■ **PROVIDED DATA**:
↓↓↓

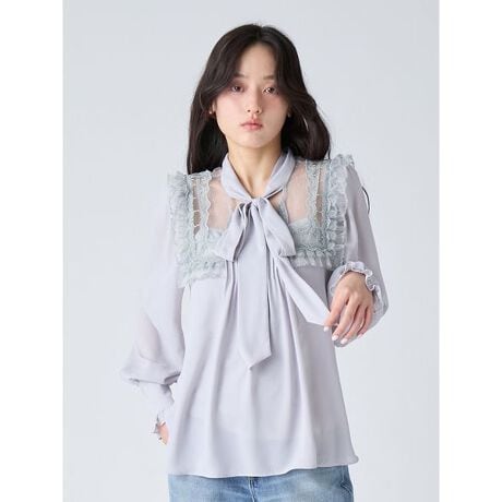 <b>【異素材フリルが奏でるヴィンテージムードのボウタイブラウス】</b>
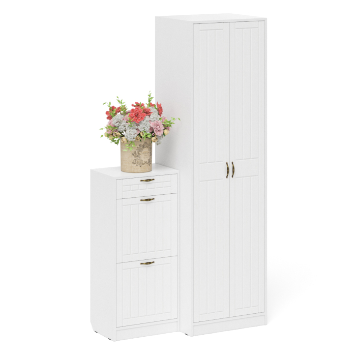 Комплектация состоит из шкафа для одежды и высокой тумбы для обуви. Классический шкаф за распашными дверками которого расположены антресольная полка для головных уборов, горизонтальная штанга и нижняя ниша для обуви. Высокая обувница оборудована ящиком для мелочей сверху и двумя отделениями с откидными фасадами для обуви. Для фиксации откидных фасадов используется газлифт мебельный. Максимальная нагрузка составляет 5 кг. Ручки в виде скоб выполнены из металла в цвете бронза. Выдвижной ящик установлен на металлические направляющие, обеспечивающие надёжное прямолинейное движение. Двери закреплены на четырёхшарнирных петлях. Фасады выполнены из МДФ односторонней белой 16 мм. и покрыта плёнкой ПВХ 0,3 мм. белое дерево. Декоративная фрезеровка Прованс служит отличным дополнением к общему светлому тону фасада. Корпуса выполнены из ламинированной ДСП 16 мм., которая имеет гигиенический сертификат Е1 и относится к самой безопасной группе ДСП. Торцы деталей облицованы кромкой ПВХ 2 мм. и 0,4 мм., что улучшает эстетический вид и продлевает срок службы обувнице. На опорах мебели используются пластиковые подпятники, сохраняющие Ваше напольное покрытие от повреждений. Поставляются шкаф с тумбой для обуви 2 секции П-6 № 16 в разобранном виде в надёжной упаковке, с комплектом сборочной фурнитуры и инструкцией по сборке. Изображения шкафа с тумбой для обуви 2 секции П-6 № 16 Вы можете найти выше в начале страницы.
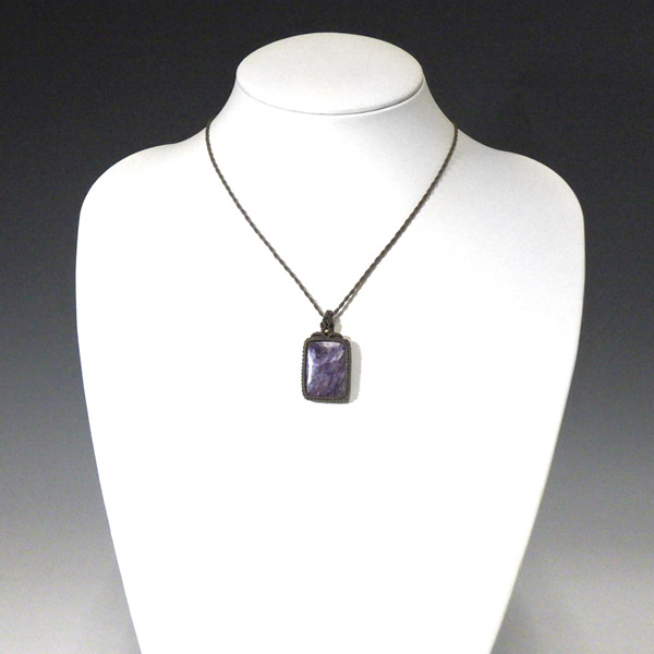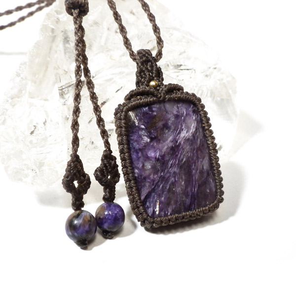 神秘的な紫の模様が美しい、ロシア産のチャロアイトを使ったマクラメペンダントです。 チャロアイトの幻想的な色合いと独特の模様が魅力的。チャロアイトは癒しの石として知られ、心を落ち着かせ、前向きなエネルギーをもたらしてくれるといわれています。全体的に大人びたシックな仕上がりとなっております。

↑↑↑

■ **GOAL OF THE EXERCISE**: Copy the material verbatim. The pictures are not part of the copy.

■ **EXERCISE SOLUTION**:
 <b>【異素材フリルが奏でるヴィンテージムードのボウタイブラウス】</b>
 Комплектация состоит из шкафа для одежды и высокой тумбы для обуви. Классический шкаф за распашными дверками которого расположены антресольная полка для головных уборов, горизонтальная штанга и нижняя ниша для обуви. Высокая обувница оборудована ящиком для мелочей сверху и двумя отделениями с откидными фасадами для обуви. Для фиксации откидных фасадов используется газлифт мебельный. Максимальная нагрузка составляет 5 кг. Ручки в виде скоб выполнены из металла в цвете бронза. Выдвижной ящик установлен на металлические направляющие, обеспечивающие надёжное прямолинейное движение. Двери закреплены на четырёхшарнирных петлях. Фасады выполнены из МДФ односторонней белой 16 мм. и покрыта плёнкой ПВХ 0,3 мм. белое дерево. Декоративная фрезеровка Прованс служит отличным дополнением к общему светлому тону фасада. Корпуса выполнены из ламинированной ДСП 16 мм., которая имеет гигиенический сертификат Е1 и относится к самой безопасной группе ДСП. Торцы деталей облицованы кромкой ПВХ 2 мм. и 0,4 мм., что улучшает эстетический вид и продлевает срок службы обувнице. На опорах мебели используются пластиковые подпятники, сохраняющие Ваше напольное покрытие от повреждений. Поставляются шкаф с тумбой для обуви 2 секции П-6 № 16 в разобранном виде в надёжной упаковке, с комплектом сборочной фурнитуры и инструкцией по сборке. Изображения шкафа с тумбой для обуви 2 секции П-6 № 16 Вы можете найти выше в начале страницы.
 神秘的な紫の模様が美しい、ロシア産のチャロアイトを使ったマクラメペンダントです。 チャロアイトの幻想的な色合いと独特の模様が魅力的。チャロアイトは癒しの石として知られ、心を落ち着かせ、前向きなエネルギーをもたらしてくれるといわれています。全体的に大人びたシックな仕上がりとなっております。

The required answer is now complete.